Gemeinsam mit ihren Erzieherinnen und Erziehern gingen die Kinder vielen spannenden Fragen auf den Grund: Woher kommen Eier? Unter welchen Bedingungen kann sich ein Küken im Ei entwickeln? Wie verläuft die Entwicklung im Inneren des Eis? Und was brauchen Küken nach dem Schlüpfen zum Leben? Auch die Unterschiede zwischen der Aufzucht mit und ohne Muttertier wurden kindgerecht thematisiert.
Ein besonderes Glanzlicht des Projekts war die Kooperation mit den Geflügelzüchtern des Geflügelzuchtvereins Oberbeck. Sie stellten einen sogenannten Schaubrüter in der Kita auf. Nachdem die notwendige Temperatur erreicht war, wurden 22 Wachteleier eingelegt – kurz vor dem Schlüpfen.

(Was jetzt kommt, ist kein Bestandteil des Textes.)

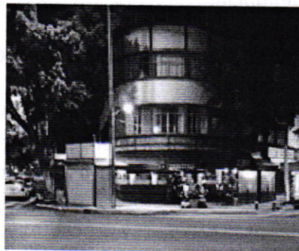
Se muestra el establecimiento denunciado

En ese sentido, personal de esta Subprocuraduría llevó a cabo estudio técnico de las emisiones sonoras producidas por el establecimiento denunciado, mediante el cual se acreditó que el establecimiento denunciado generaba un nivel sonoro desde el punto de denuncia de 65.42 dB(A) valores que excedían los límites máximos permisibles especificados en la Norma Ambiental para el Distrito Federal NADF-005-AMBT-2013.

Ein Tag später war es dann so weit: Viele Kinder, Eltern und Fachkräfte versammelten sich gespannt, um den Moment mitzuerleben, als die kleinen Wachtelküken das Licht der Welt erblickten. Mit großer Begeisterung beobachteten sie den Schlupfprozess und staunten über dieses besondere Naturwunder. „Die Küken verblieben bis zum Wochenende im Schaubrüter. Um die notwendige Temperatur konstant zu halten, durften sie jedoch nicht angefasst werden“, berichtet Anna-Lena Baake, die gemeinsam mit Sabrina Homburg die Kita leitet.
Parallel dazu erhielt die Kita am Dienstag sechs bereits drei Tage alte Hühnerküken. Diese konnten die Kinder aus nächster Nähe erleben: Sie wurden vorsichtig betrachtet, gestreichelt und gemeinsam versorgt. So konnten die Kinder nicht nur beobachten, sondern auch aktiv Verantwortung übernehmen und den Umgang mit Tieren lernen. Am Ende der Projektes fiel der Abschied sowohl den Kindern als auch den Erwachsenen sichtlich schwer. „Die erlebnisreiche Woche hinterließ bleibende Eindrücke und stärkte das Bewusstsein für Natur und Tierwelt“, erzählt Sabrina Homburg.